::: Data supplied :::
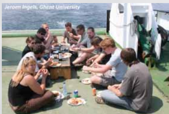
Above: Mission accomplished: time for a BBQ picnic on the afterdeck

Within the Whittard Canyon, a total of 5 successful ROV transects were performed at water depths between 450 and 1040 m. During these dives, (rippled) soft sediment, often colonized by numerous pennatulids, was seen alternately with hard substrates in the shape of small banks, ridges and/or large cliffs with heights varying between 10 cm and 8 m (even one cliff of about 50 m high). The area was characterised by an irregular topographic relief with steep slopes and frequent evidence of downslope transport. Mostly dead cold-water coral rubble was observed with occasional living cold-water corals ( Lophelia pertusa and Madrepora oculata ) on top of the rubble. Several Dendrophyllia sp. and Desmophyllum species were noticed, as well as debris from the deep-water oyster Neopycnodonte zibowii .
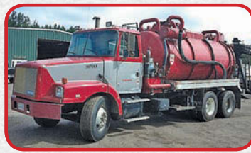
1994 White GM with Cosco 3,150 gal. Vacuum Truck $44,500

Cat dsl., automatic, Hendrickson susp., 20k/46k rating, 238" WB, AC, cruise, power divider, 4 freshwater tanks, Vactor model 2115-36, SN:00-01-7131, full opening/dumping tank, NEW Roots 824 RCS rotary blower, New water piston pump, jetter reel, remote, tele boom, dbl. frame, 22.5 rubber on steel
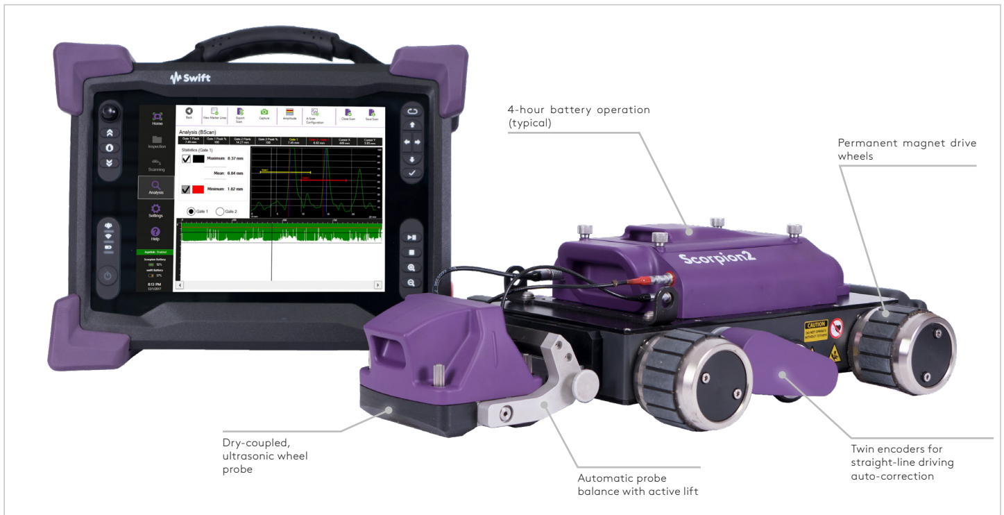
Figure 1: Annotated breakdown of Scorpion2.

An optional harness is also available to support the use of the system for longer periods of time. The adjustable rear stand, the top handle, and the four corner anchor points all make Swift incredibly practical for on-site inspections.
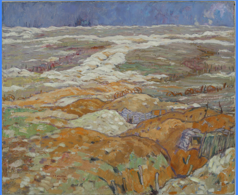
Trenches Near Angres. A.Y. Jackson. Beaverbrook Collection of War Art:

https://www.warmuseum.ca/firstworldwar/objects-and-photos/art-and-culture/official-art/?target=1855
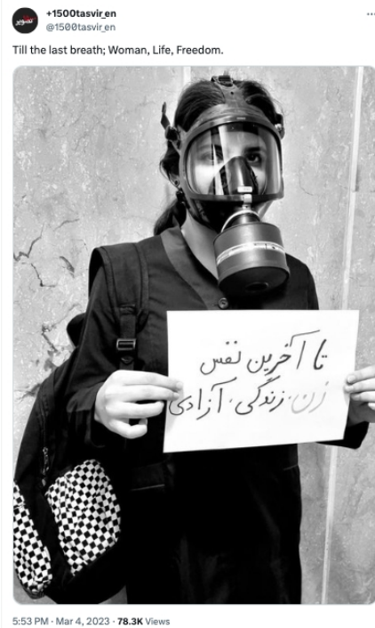
Figure 7. † Amidst a series of chemical attacks on girls’ schools, a student defiantly holds a sign reading, “Woman, Life, Freedom” Until My Last Breath.” March 4, 2023.
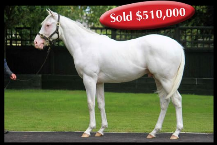
White Colt ShamExpress - The Opera House
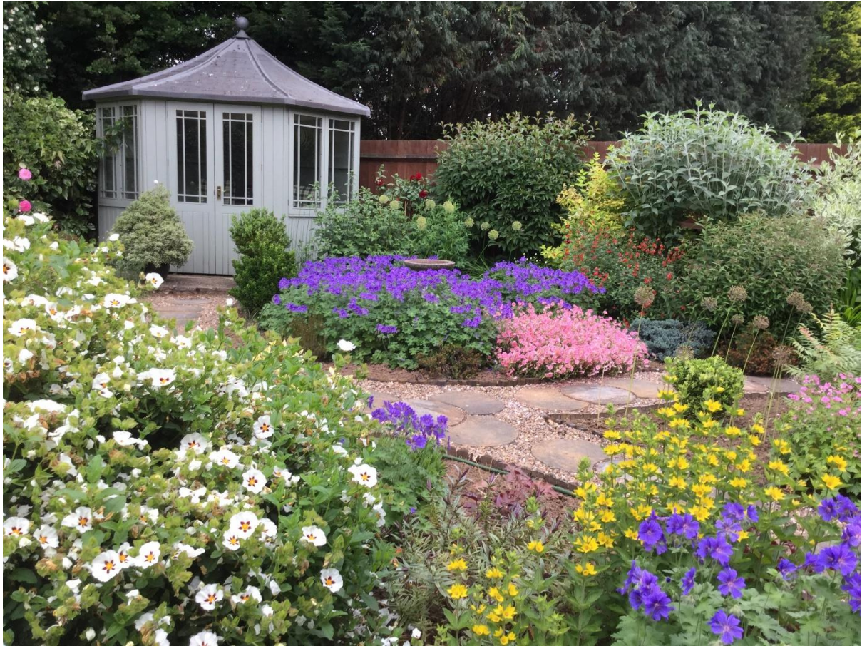
Andy Coles garden

When trying to hold small grandchildren still while tying their shoelaces I wish I had found this site.
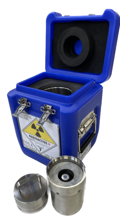
Figure 1: Vial Shield Top, Vial Shield Bottom with Rubber Seal and Vial Inside, Vial Shield Case - Open
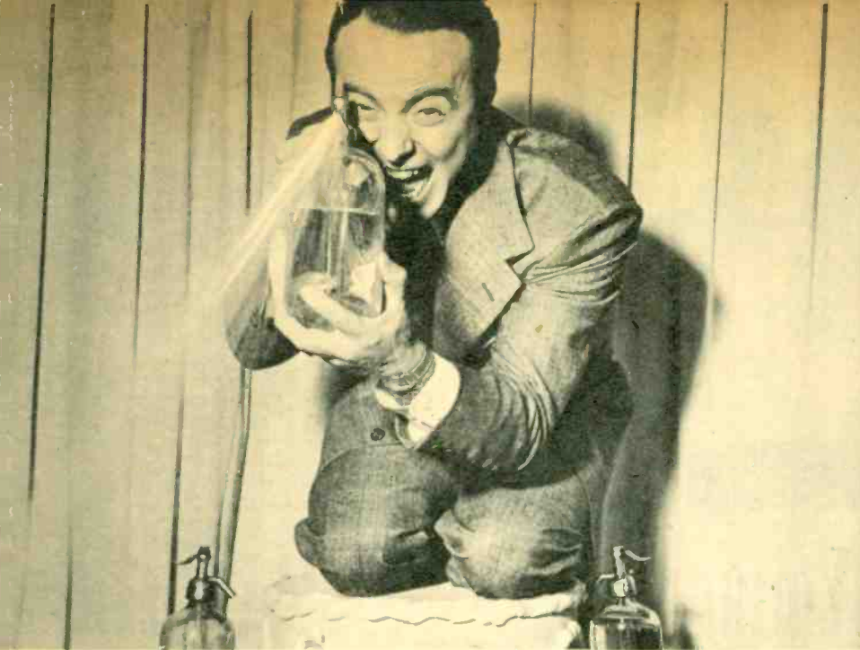
▲ "FIZZ IN YOUR EYE," says the noted emcee as he kneels on the cake marking his show's fifth anniversary, February, 1945. Edwards often gets squirted with seltzer, once fell in a water tank on the stage, took consequences blithely.
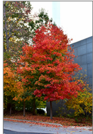
Fall Fiesta Sugar Maple in fall
:::
Within the listing above, write out the stretch from the line with "An optional harness" through the line with "Andy Coles garden" exactly. Any pictures are to be left out.

__Solved exercise__
An optional harness is also available to support the use of the system for longer periods of time. The adjustable rear stand, the top handle, and the four corner anchor points all make Swift incredibly practical for on-site inspections.
Trenches Near Angres. A.Y. Jackson. Beaverbrook Collection of War Art:

https://www.warmuseum.ca/firstworldwar/objects-and-photos/art-and-culture/official-art/?target=1855
Figure 7. † Amidst a series of chemical attacks on girls’ schools, a student defiantly holds a sign reading, “Woman, Life, Freedom” Until My Last Breath.” March 4, 2023.
White Colt ShamExpress - The Opera House
Andy Coles garden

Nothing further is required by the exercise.